とある空港にて、一人の若い青年が元気の良い老人と何か話をしていた。青年の容姿は完全に日本男児そのもの。着ている服は学ラン。キャップも学生用のキャップと来た。しかし、この空港は外国なのだろう。来る人来る人ブロンドだったりブラウンレッドだったりと、ゲルマン人特有の髪色の人が多くいた。ここはもしかするとドイツなのかもしれない。

 

「しかし、本当にいいのか? お前さん、女は苦手だったろう」

 

「うるせぇのが嫌なだけだ。別に苦手ってわけじゃあねぇ」

 

青年はそう言うと、キャップを深く被り、目を合わせないようにした。老人には、それが別れを惜しんでいるようにも見えた。

 

「さて、お前のお供にわしの友人のとこの人間をパートナーに選んで呼んでおる。朗報じゃぞ? なんせお前の知り合いだからな」

 

老人の配慮が嬉しかったのか、すまし顔で顔を背けた。老人にもそれが満更でないい事は見抜けていた。

 

 

「・・・・・・やれやれだぜ」

 

 

青年は口癖のようになれた口調でそうつぶやいた。しかし、それは様になっており、その光景が行く人来る人皆が見惚れてしまうほどだ。
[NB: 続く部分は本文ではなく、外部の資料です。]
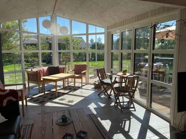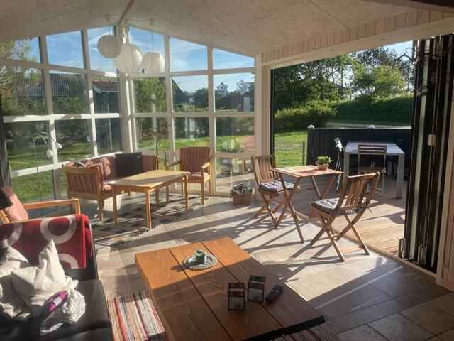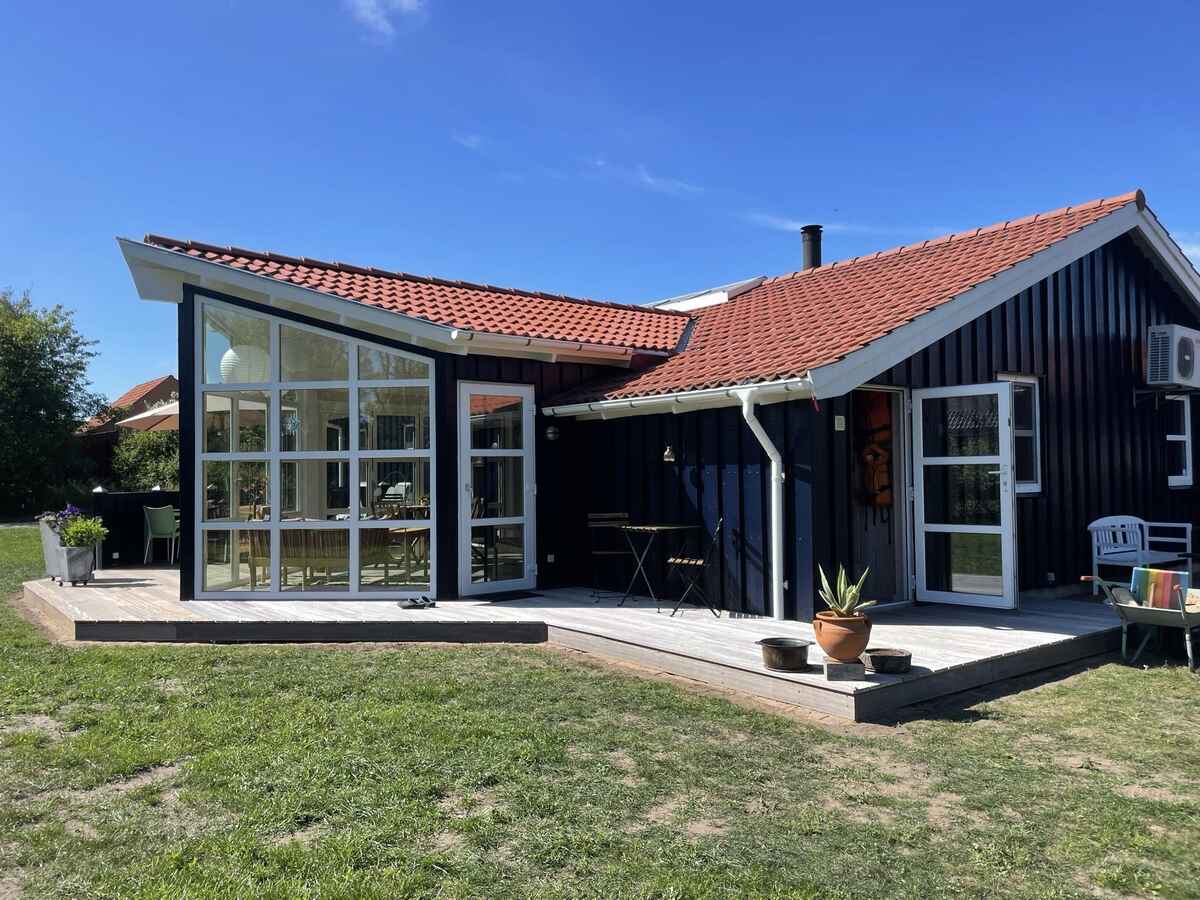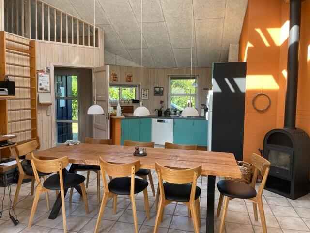 Nyere, moderne sommerhus med god indretning – renoveret/udvidet 2017 – 2021, tæt på vand og med alt, hvad der skal til for en super dejlig ferie. Her er huset, der er perfekt for 2 familier, med 2 separate afdelinger med eget bad og toilet – det ene med et 2-personers spabad. Med ovenlys i køkken/alrum er der et dejligt lys i sommerhalvåret, og i vinterhalvåret og på de lidt køligere dage kan brændeovnen sørge for varme og hygge.
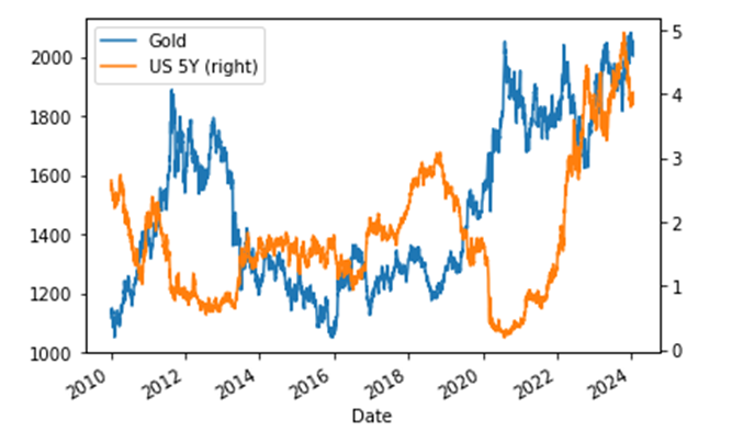 # 금 선물과 5년 국채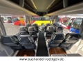 Standheizung, Holzfußbodenoptik, KlimaAnlage, Tische, Vorhänge, Gepäckablagen, Gepäcknetze, Düsenbelüftung, Leselampen, Doppelverglasung, Fußrasten, Küche, Kühlschrank, Kaffeemaschine, Mittel-WC, Kopf-Ledereinsätze, Reiseleitermikrofon, Fahrermikrofon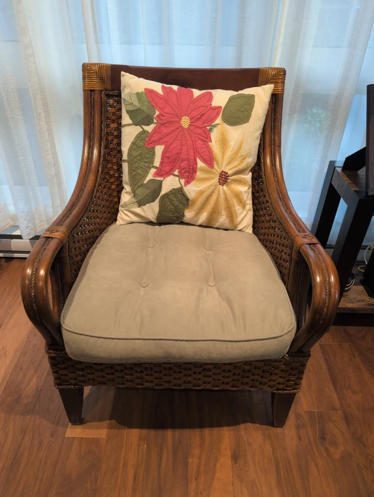 Selling a lovely wicker chair that would look great in any home! It comes with a comfy floral pillow, perfect for adding a touch of charm to your living space or sunroom. The chair is in good condition and ready for a new home!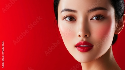 Close-up portrait of a beautiful Asian woman with red lips against a red background.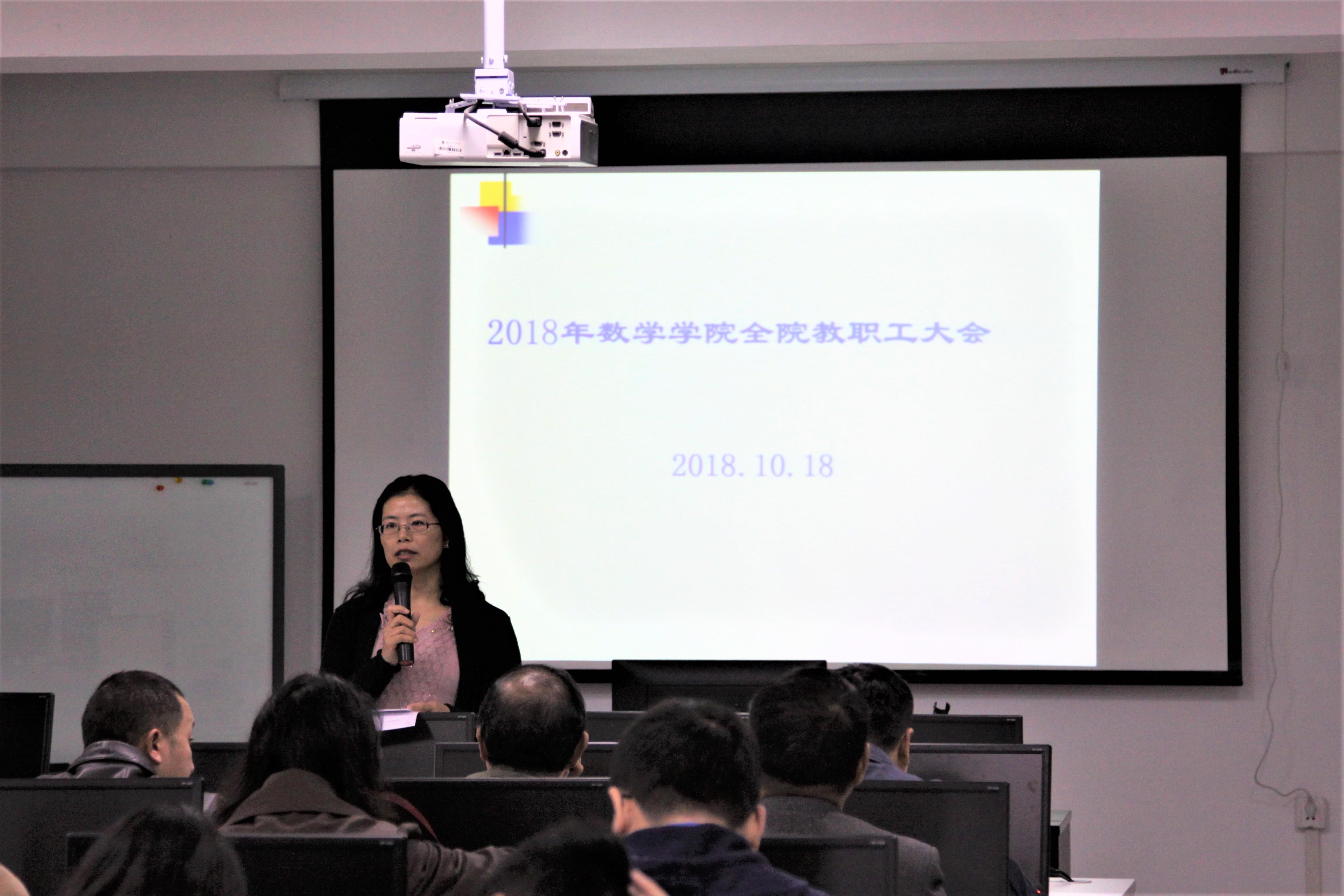 会议开始,副院长潘小东报告了本科教学及国际化近期工作安排,包括关于加强期中考试工作、本科教学期中检查安排、全国大学生数学竞赛监考安排、校级教材建设研究课题立项申报和对外学术交流合作计划等工作。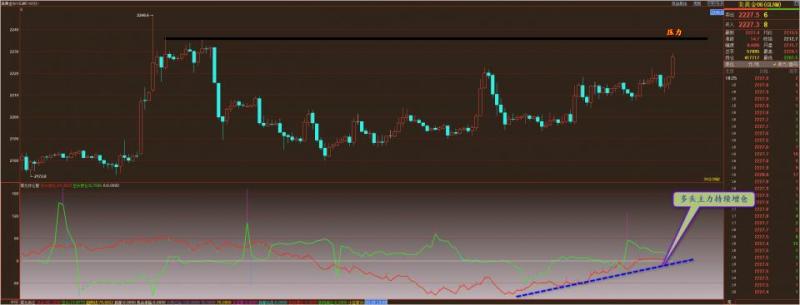 通过对黄金小时图解析得知,黄金从干燥盘到目前为止如期放量突破一号压力位目前已经接近上方的早盘所说的2号压力位2212一线,我们从下方的附图可以清楚的看到多头主力已经连续2天持续缓慢的增仓介入,目前已经有走强迹象,短期我们重点关注上方2212一线的关键压力位,一旦突破将会再次到达上方2223一线,短期早盘下方2199一线已经成为短期的支撑,在操作上我们可以反过来继续做多,具体建议如下: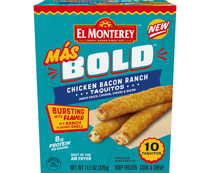 Chicken, bacon, and ranch walk into a tortilla and suddenly — snack time gets interesting. El Monterey® Más Bold™ Chicken Bacon Ranch Taquitos roll up real white meat chicken, smoky bacon, melty cheese, and creamy ranch inside a boldly seasoned tortilla shell.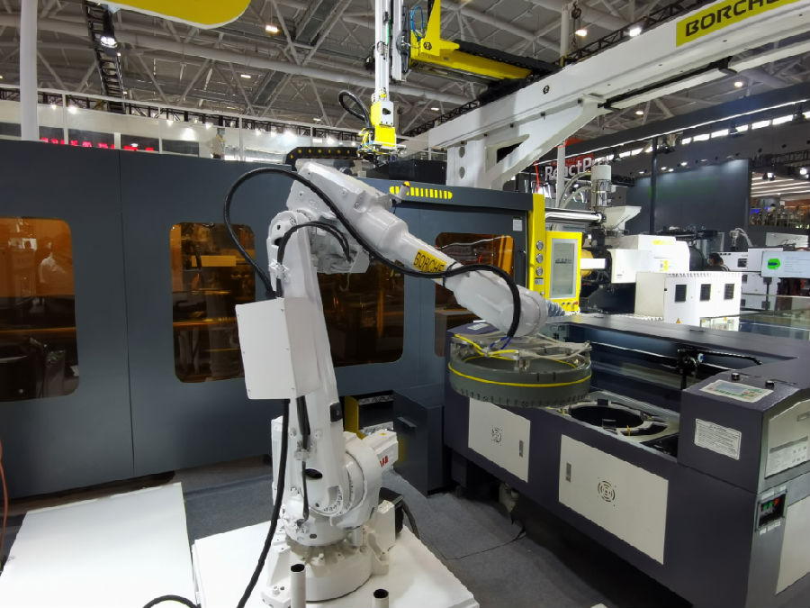 作為二板智能注塑機專家,博創(chuàng)在CHINAPlAS 2021上展示全新的、顛覆行業(yè)的洗衣機平衡環(huán)智能注塑生產(chǎn)系統(tǒng)。該系統(tǒng)以BM500-3C兩板式水平對射三色機為主機集成多個自動化設(shè)備形成注塑島??梢栽谌藱C交互界面(電腦)上實現(xiàn)注塑島輔助設(shè)備(冷水機、模溫機、機械手)的操作。進行注塑單元智能互聯(lián)形成智能注塑無人化生產(chǎn)線實現(xiàn)多工序制品的注塑。機械手取件、CCD檢測水口、切除水口、機器人搬運、氣密性檢測、碼垛。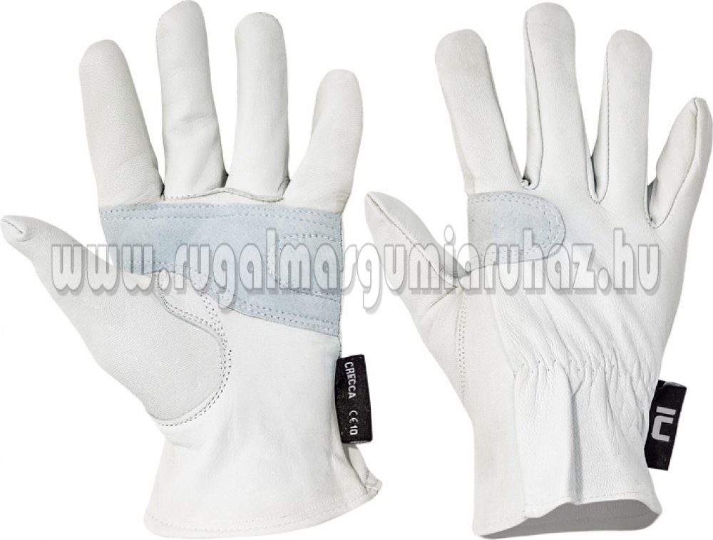 Mechanikai védőkesztyű erős kecskebőrből. Tenyéren szivaccsal párnázott. 1 csomagban 12 pár kesztyű található.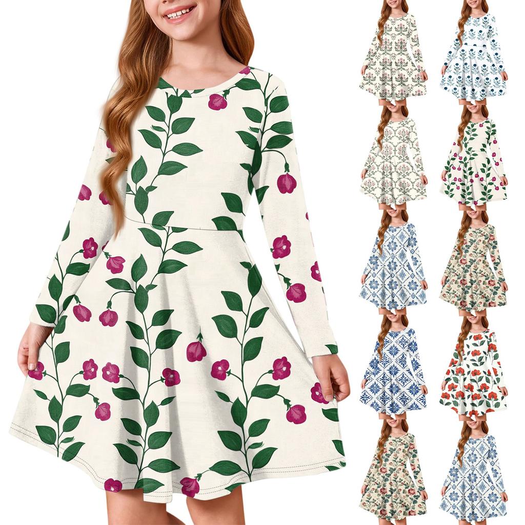 Летнее платье принцессы для девочек - платье-футболка А-силуэта с длинными рукавами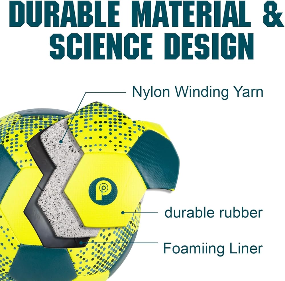 ⚽【High Durability Hand Bonding】Soccer shell Made of 32 PCS Technology Foaming PVC materials - Lining material: 4-layer polyester/cotton lining for best air retention, great waterproof, dirt and abrasion-resistant, superior control and accuracy with a soft touch and high durability. Hot bonded soccer ball panels enhances aerodynamics, providing enhanced precision and control during passes and shots. Suitable for practicing your juggling Outdoor, in the stadium or kicking around in the grass field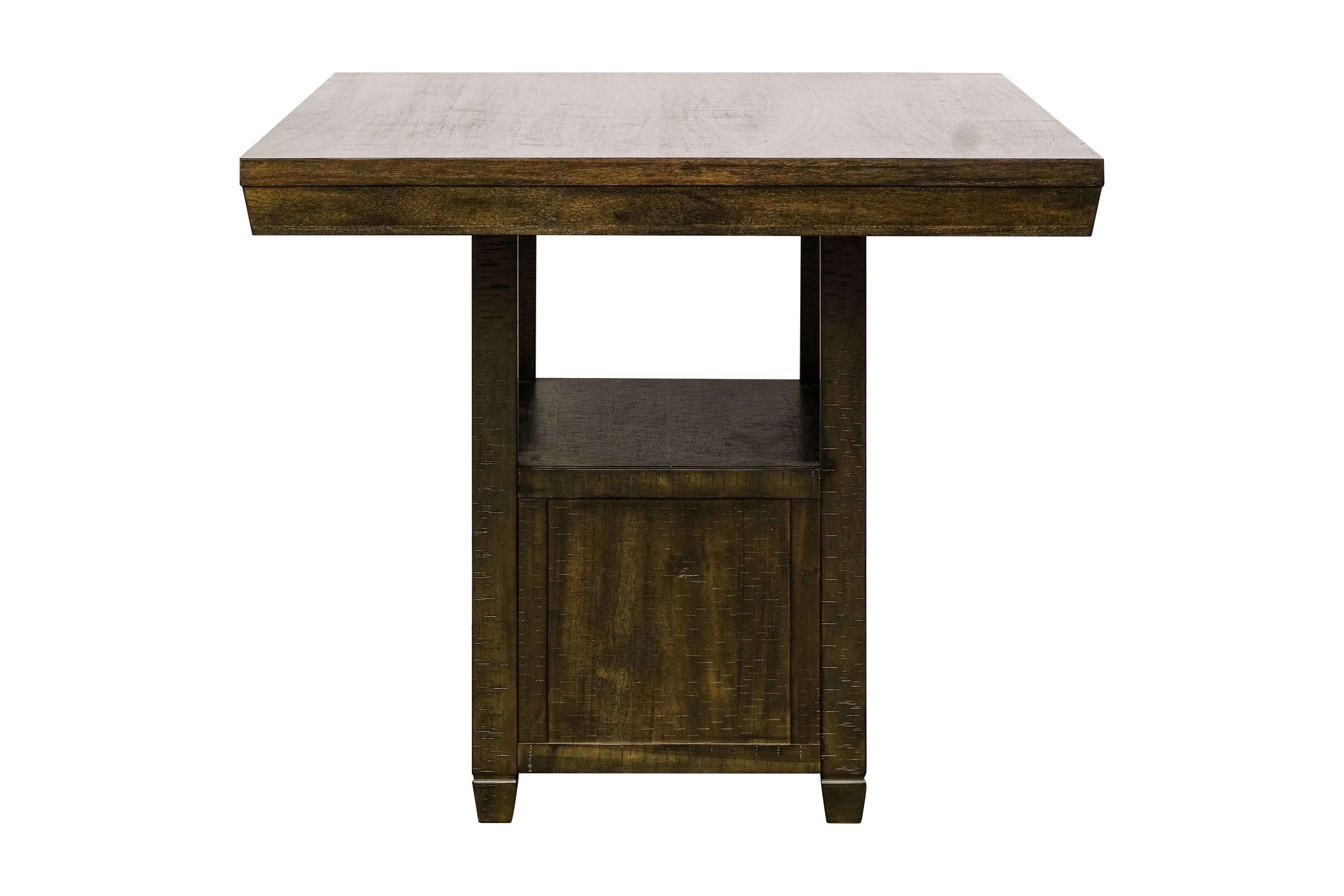 This 7-piece Pub Dining Room Set offers a pub-style dining experience with a 2-door storage table and six counter-height chairs. The table top is crafted with solid rubber wood for reliability and durability, while the chairs provide cushioning for added comfort and support. This set is ideal for the home or office.

容姿端麗なことから、それは見る者の心をつかんだ。

 

「さぁて、そろそろあの子も来るじゃろうっとと、来た来た」

 

老人が腕時計を確認していると周囲の音から特別聴こえるこちらにむかって走ってくる足音、その足音を聞きなれているのか老人は見ずともそう言ってのけた。青年は足音のするほうへと目をむけ、そして一瞬見開いた。少し眉を寄せたが、ため息を吐き穏やかな顔をし、その足音の現況を見据えた。

 

そこには銀髪の少女がいた。見た目年端も行かない少女だが、年齢は青年と同じ。眼帯をしていて、特徴的だが、それに負けない赤い瞳が幻想的。それはまるで白銀の世界に住む一羽のウサギのようだった。制服なのだろうか、白を下地とした、黒と赤のラインが特徴的な服で、某起動戦士などで見かける軍服にも似ている。そんな服もさらに少女を引き立てており、一種の感動を感じずにはいられない。

 

少女が老人等の目の前まで走ると、その場で静止し、敬礼を取った。息を切らすことなく堂々としたそれから、彼女が軍人であると言うのが理解できるのではないだろうか。老人はその行動に敬意を称すように敬礼を返した。青年は敬礼をしないが、よぅ、っと小さく挨拶をし、頭をほんの少しだけ立てに振り、簡単な会釈をした。

 

「さて、知っていると思うが改めて紹介する。お前のパートナーとしてこれから三年間日本にある“IS学園”に滞在することとなった」

 

「ラウラ=ボーデヴィッヒであります! 承太郎殿」

 

凛としたその立ち振る舞いには、天晴れと賞したいほどの優雅さを感じ取れた。軍人でありながら、最低限でありながらも最高の一輪の華と比喩しても比喩しきれないほどの優美さに青年も驚きを隠せないでいた。

 

「・・・・・・おいジジイ。てめぇ、狙ったわけじゃあねぇだろうな」

 

先ほどの穏やかな顔から打って変わり、青年は老人を睨みつけた。その目は“余計なことするな。自分で出来る"と言いたげだった。老人は老人でサプライズ成功と内心相当喜んでおり、今もなお笑顔を絶やさずにいた。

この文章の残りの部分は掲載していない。